Overhead, the Big Dipper rides high. Good scouts know to take its leading pointers north to Polaris, the famed Pole Star. For us, it sits 30 degrees (our latitude) high in the north, while the rotating earth beneath makes all the other celestial bodies spin around it from east to west.

If you drop south from the bowl of the Big Dipper, Leo the Lion rides high. Note the Egyptian Sphinx is based on the shape of this Lion in the sky. Taking the arc in the Dipper’s handle, we "arc" SE to bright orange Arcturus, the brightest star of Spring.

Spike south to Spica, the hot blue star in Virgo (with Jupiter now to its upper right), then curve to Corvus the Crow, a four sided grouping. It is above Corvus, in the arms of Virgo, where our large scopes will show members of the Virgo Supercluster, a swarm of over a thousand galaxies about 50 million light years away from us.

To the east, Hercules is rising, with the nice globular cluster M-13 marked on your sky map and visible in binocs. This rich cluster is one of the top telescopic sights in good sized scopes. Several other good globular clusters are also shown and listed on the best binoc objects on the map back page.

The brightest star of the northern hemisphere, Vega rises in the NE as twilight deepens. Twice as hot as our Sun, it appears blue-white, like most bright stars. Its constellation, tiny Lyra, looks like a parallogram just south of Vega, but was the harp of Orpheus in Greek legends.

In the southeast, Antares rises about the same time as Vega does, in the brightest of all constellations, Scorpius.
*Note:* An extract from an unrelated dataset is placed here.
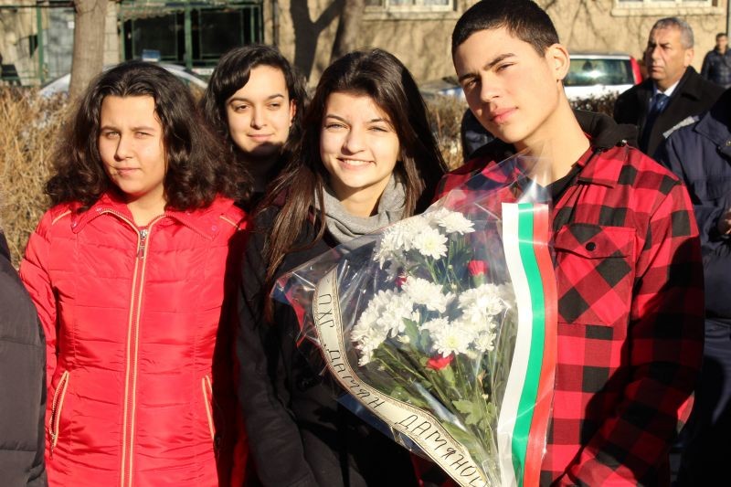 Представители на клуб „Памет” към Профилираната хуманитарна гимназия „Дамян Дамянов” участваха в четвъртък в общоградското поклонение пред паметника на братята освободители на площад „17 януари". Тук, в този ден през 1878 г. гражданите на Сливен са посрещнали руските военни части с хляб и сол. Болен и с отслабнало зрение, поетът Добри Чинтулов произнася пламенна благодарствена реч. Част от словото му днес можем да прочетем на каменната плоча на паметника. Сред поднесените цветя на признателност за героите, отдали живота си за свободата на града, бе и скромният букет от името на училищната ни общност.

Antares appears reddish (its Greek name means rival of Ares or Mars to the Romans) because it is half as hot as our yellow Sun; it is bright because it is a bloated red supergiant, big enough to swallow up our solar system all the way out to Saturn’s orbit! Saturn lies north of the stinger tail of Scorpius, on the border of the teapot shape of Sagittarius rising in the SE after sunset.